IN THE UNITED STATES DISTRICT COURT FOR THE DISTRICT OF MONTANA MISSOULA DIVISION
JOHN MEYER, CV 21–148–M–DLC
Plaintiff,
vs. ORDER
UNITEDHEALTHCARE INSURANCE COMPANY; BILLINGS CLINIC; and REGIONAL CARE HOSPITAL PARTNERS HOLDINGS, INC., d/b/a RCCH HEALTHCARE,
Defendants.
Before the Court is Defendant Regional Care Hospital Partner’s1 (“RCHP”) Motion to Dismiss Plaintiff John Meyer’s Second Amended Complaint (Doc. 121) pursuant to Federal Rule of Civil Procedure 12(b)(6). (Doc. 130.) Defendants UnitedHealthcare Insurance Company (“United”) and Billings Clinic join RCHP’s Motion to Dismiss. (Docs. 133; 134.) For the reasons herein, the Motion will be granted and the claims dismissed.

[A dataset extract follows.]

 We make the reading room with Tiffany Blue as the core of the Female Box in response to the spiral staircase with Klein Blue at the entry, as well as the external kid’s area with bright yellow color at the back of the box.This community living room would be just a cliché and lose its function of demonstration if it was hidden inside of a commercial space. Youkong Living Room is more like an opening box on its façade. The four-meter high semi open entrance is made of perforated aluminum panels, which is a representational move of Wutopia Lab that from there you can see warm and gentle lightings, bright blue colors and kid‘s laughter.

1 Defendants represent that RCCH Healthcare has not been a registered entity in Montana for several years. The appropriate entity is RCHP Billings-Missoula, LLC. The latter operates Community Medical Center in Missoula and will be referred to as such throughout this Order. FACTUAL BACKGROUND2 In December 2015, Meyer was involved in a serious ski accident at Big Sky
Resort. After the accident, Meyer spent approximately two weeks at Billings Clinic in 2015 and another two weeks undergoing mental and physical rehabilitation at Missoula Community Medical Center (“Community”) from 2015 to early 2016.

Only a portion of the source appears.